▶ Work request: Down to the last line, reproduce the data that follows, but skip the pictures.
═════ Data provided ═════
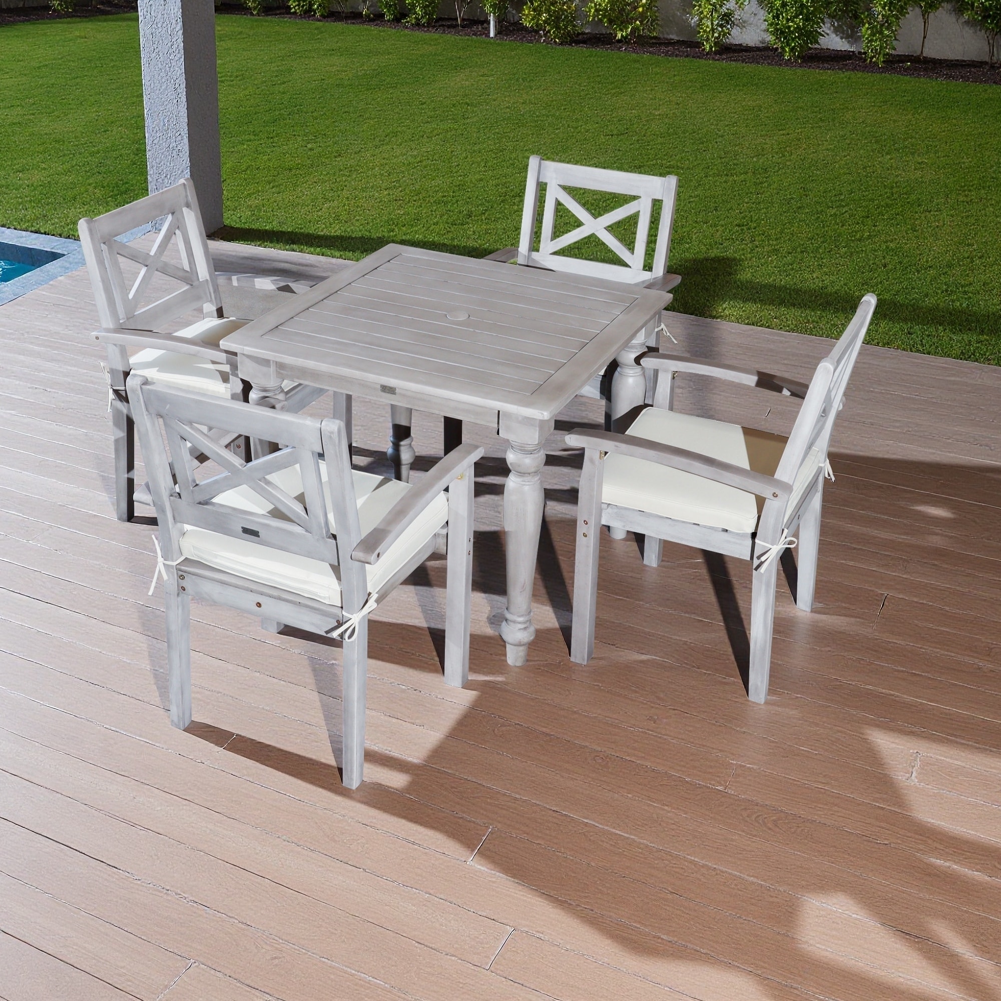 5-Piece Outdoor Eucalyptus Wood Dining Set with Square Table, Umbrella Hole and 4 Stackable Armchairs with Cushions
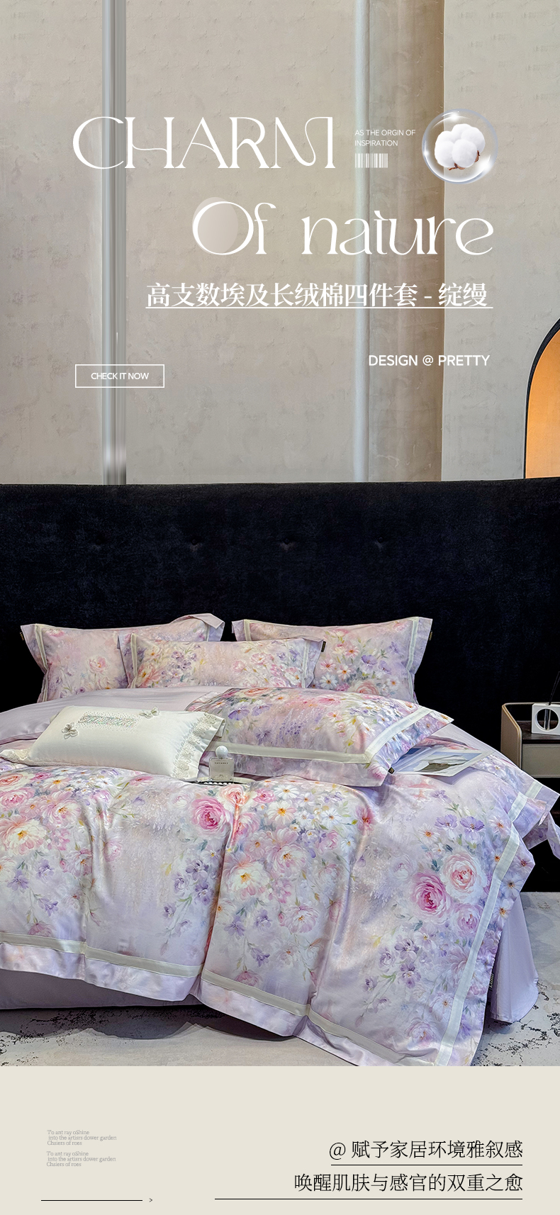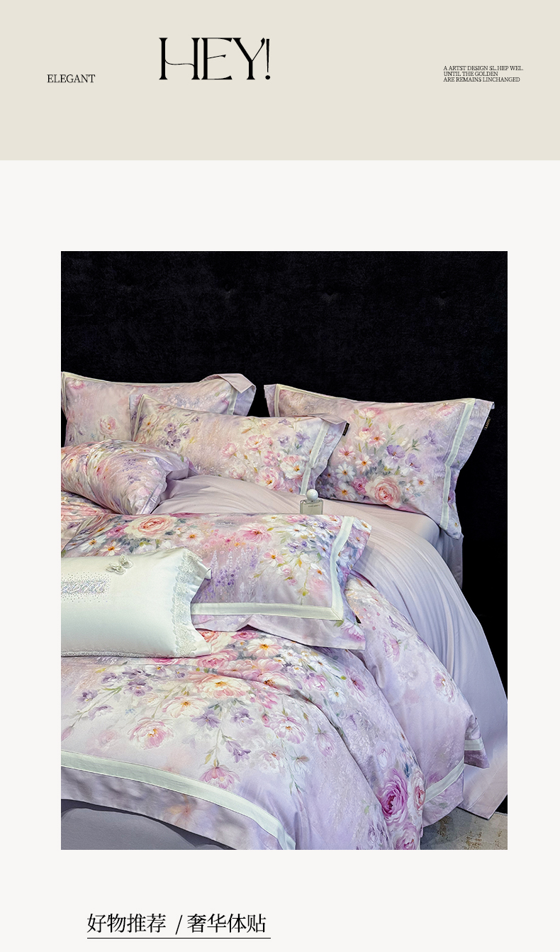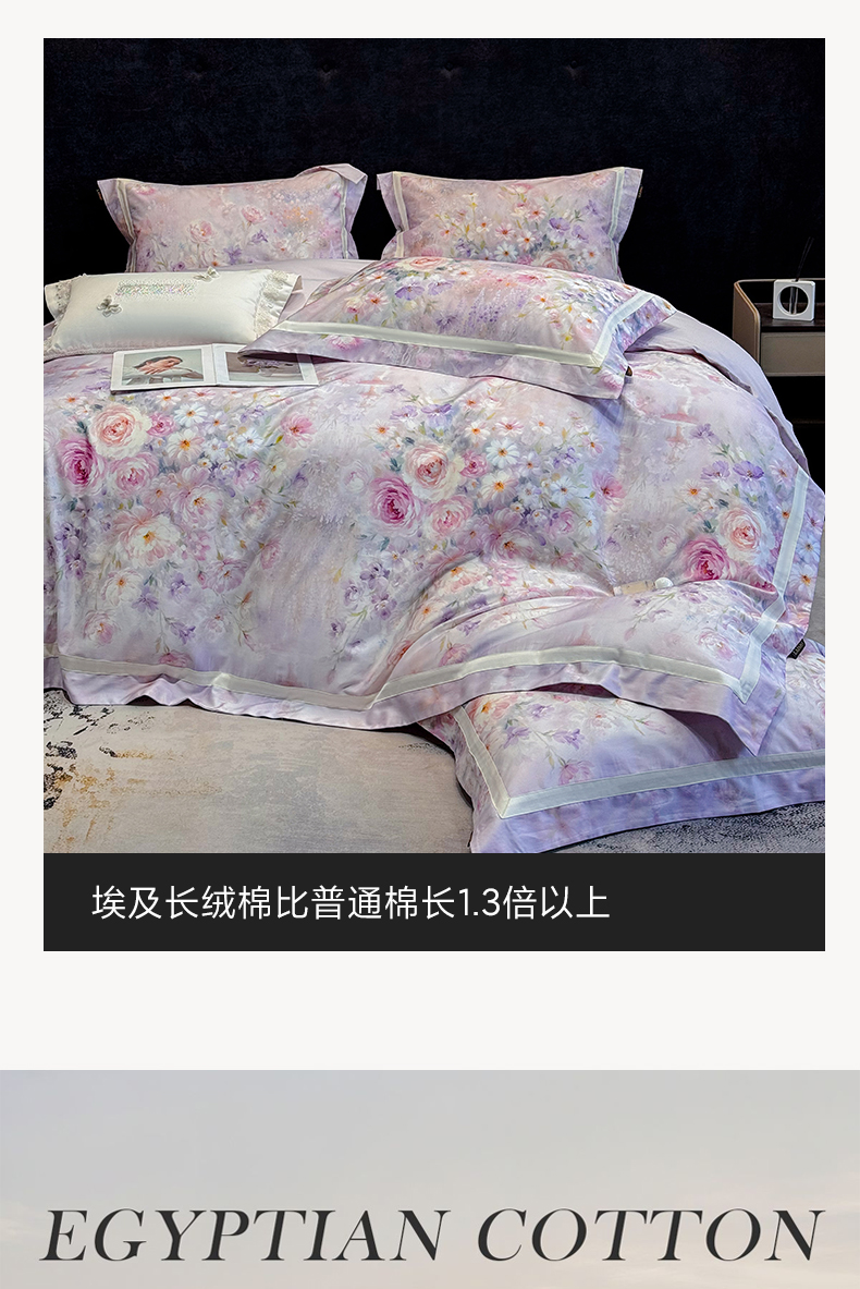 当前位置: 91家纺网 > 商品网购 > 床品套件 > 四件套 > 长绒棉四件套 > 欣宜家纺 2026新款50x50s纯棉全棉埃及长绒棉刺绣绣花床上四件套【含高端礼盒】-绽缦 绽缦-梦幻紫
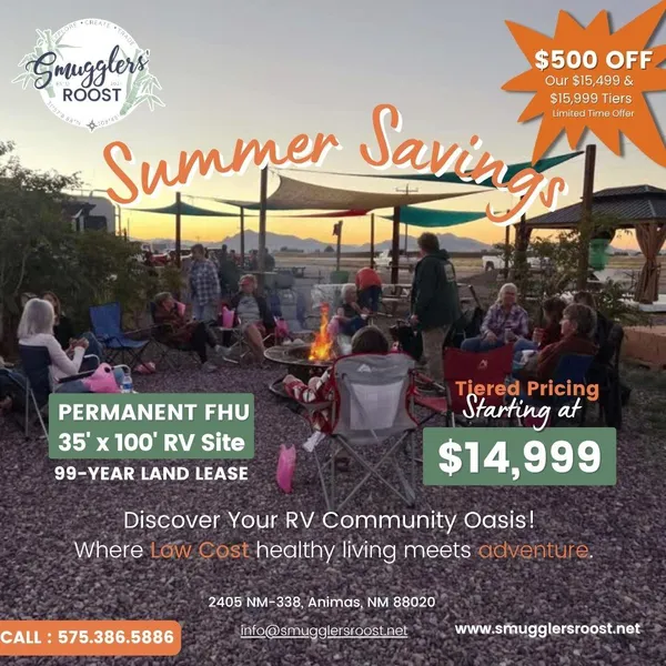 Located at Smugglers' Roost in Animas, NM (2.5-hrs from Tucson, AZ or El Paso, TX)
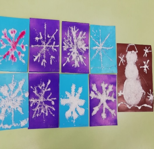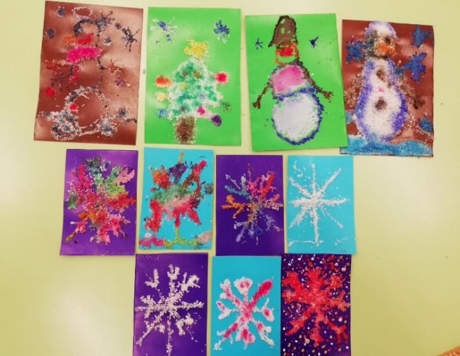 Сначала ребенок рисует изображение простым карандашом, а затем наносит на изображение клей ПВА и посыпает солью. А когда соль высохнет, можно раскрасить акварельными красками.
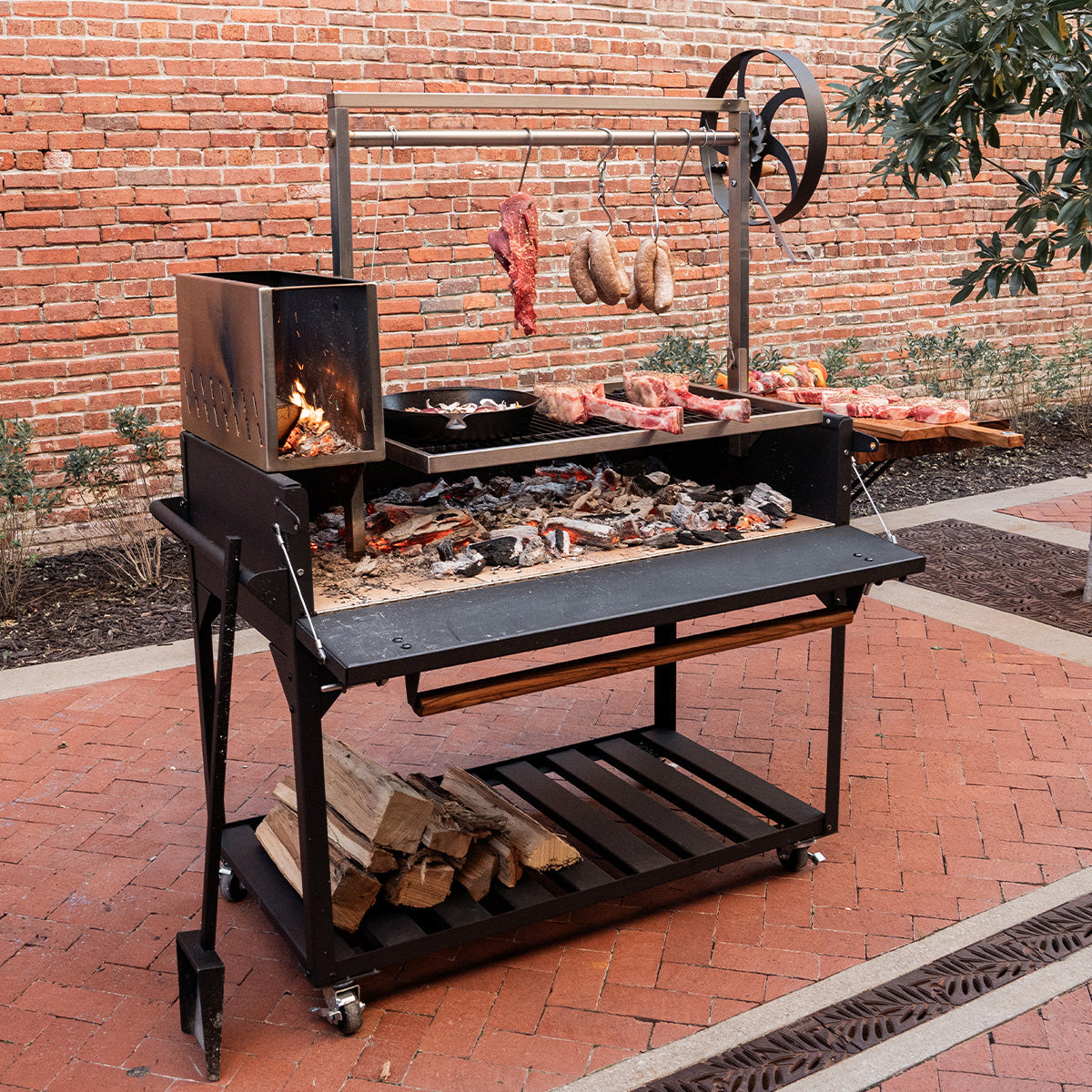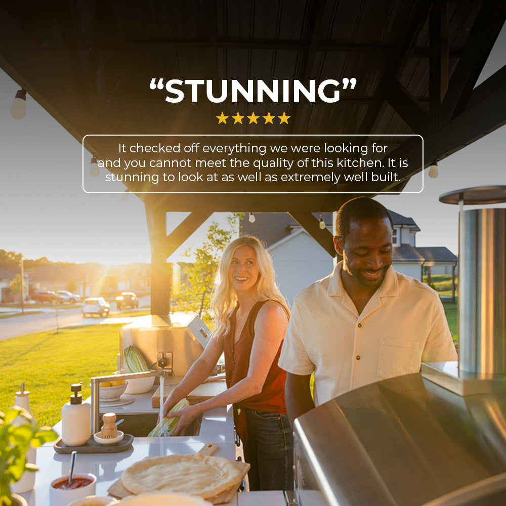 DIY outdoor kitchen with modern design featuring a grill, pizza oven, fridge, and all-weather construction.
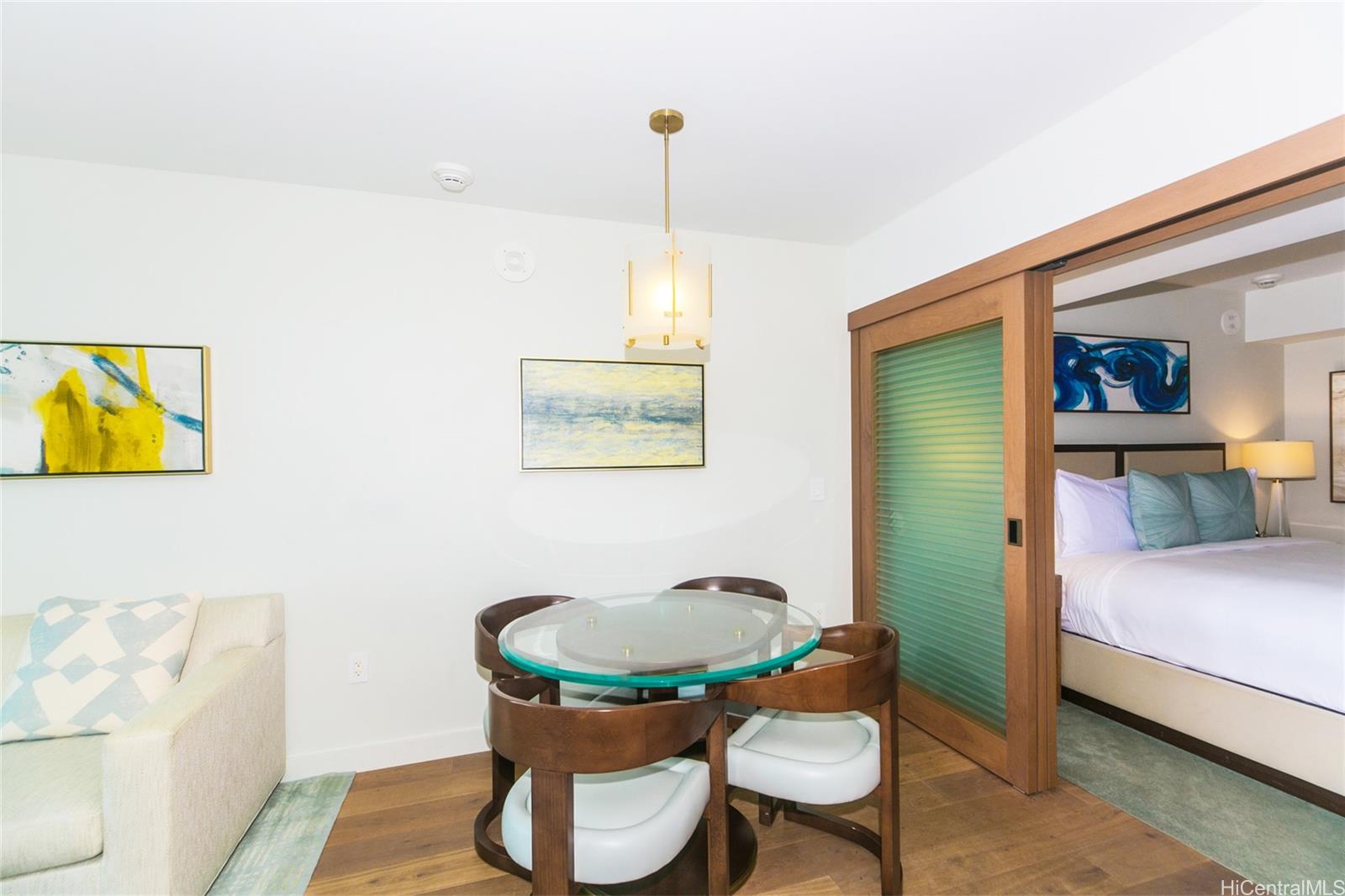 The well-appointed interior features a modern open layout, premium finishes, and a fully equipped gourmet kitchen with high-end appliances. Enjoy indoor-outdoor living from your private lanai, perfect for relaxing or entertaining. The spacious bedroom provides comfort and tranquility, complemented by a sleek, spa-inspired bathroom.
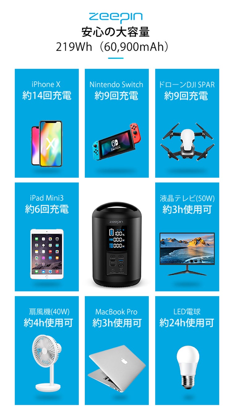 ZEEPINポータブル電源なら容量が219Wh(60,900mAh)もあり、例えばiPhone Xなら14回フル充電可能。停電時に家族全員のスマホを何度も充電できたり、キャンプなどのアウトドアで様々な電化製品に使用できます。
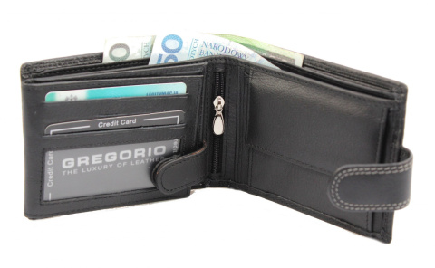 Portfel GREGORIO Skóra Naturalna Licowa Duży Poziomy Z Zapięciem Dwa Skrzydełka
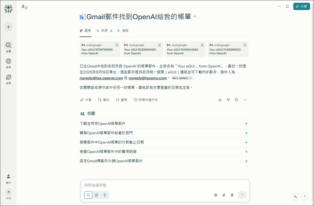 以下來試試簡單的助手功能,例如,我已登入一個 Google 帳號,然後使用以下的提示詞:在Gmail郵件找到OpenAI給我的帳單。
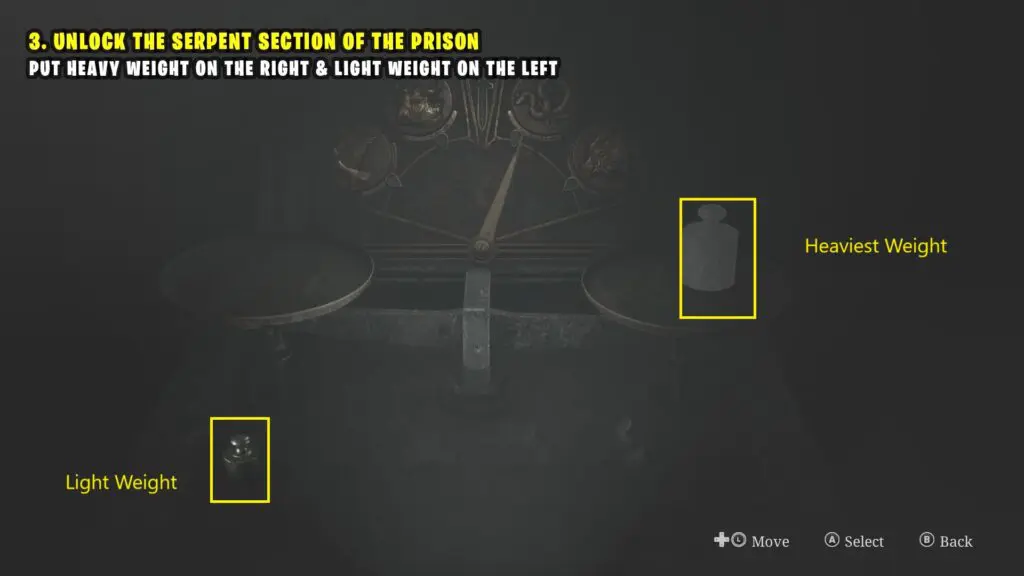 To solve the weight puzzle, place the heaviest weight on the right scale and the smallest weight on the left scale. This should unlock the Serpent door.
═════
▶ Problem solution:
 5-Piece Outdoor Eucalyptus Wood Dining Set with Square Table, Umbrella Hole and 4 Stackable Armchairs with Cushions
 当前位置: 91家纺网 > 商品网购 > 床品套件 > 四件套 > 长绒棉四件套 > 欣宜家纺 2026新款50x50s纯棉全棉埃及长绒棉刺绣绣花床上四件套【含高端礼盒】-绽缦 绽缦-梦幻紫
 Located at Smugglers' Roost in Animas, NM (2.5-hrs from Tucson, AZ or El Paso, TX)
 Сначала ребенок рисует изображение простым карандашом, а затем наносит на изображение клей ПВА и посыпает солью. А когда соль высохнет, можно раскрасить акварельными красками.
 DIY outdoor kitchen with modern design featuring a grill, pizza oven, fridge, and all-weather construction.
 The well-appointed interior features a modern open layout, premium finishes, and a fully equipped gourmet kitchen with high-end appliances. Enjoy indoor-outdoor living from your private lanai, perfect for relaxing or entertaining. The spacious bedroom provides comfort and tranquility, complemented by a sleek, spa-inspired bathroom.
 ZEEPINポータブル電源なら容量が219Wh(60,900mAh)もあり、例えばiPhone Xなら14回フル充電可能。停電時に家族全員のスマホを何度も充電できたり、キャンプなどのアウトドアで様々な電化製品に使用できます。
 Portfel GREGORIO Skóra Naturalna Licowa Duży Poziomy Z Zapięciem Dwa Skrzydełka
 以下來試試簡單的助手功能,例如,我已登入一個 Google 帳號,然後使用以下的提示詞:在Gmail郵件找到OpenAI給我的帳單。
 To solve the weight puzzle, place the heaviest weight on the right scale and the smallest weight on the left scale. This should unlock the Serpent door.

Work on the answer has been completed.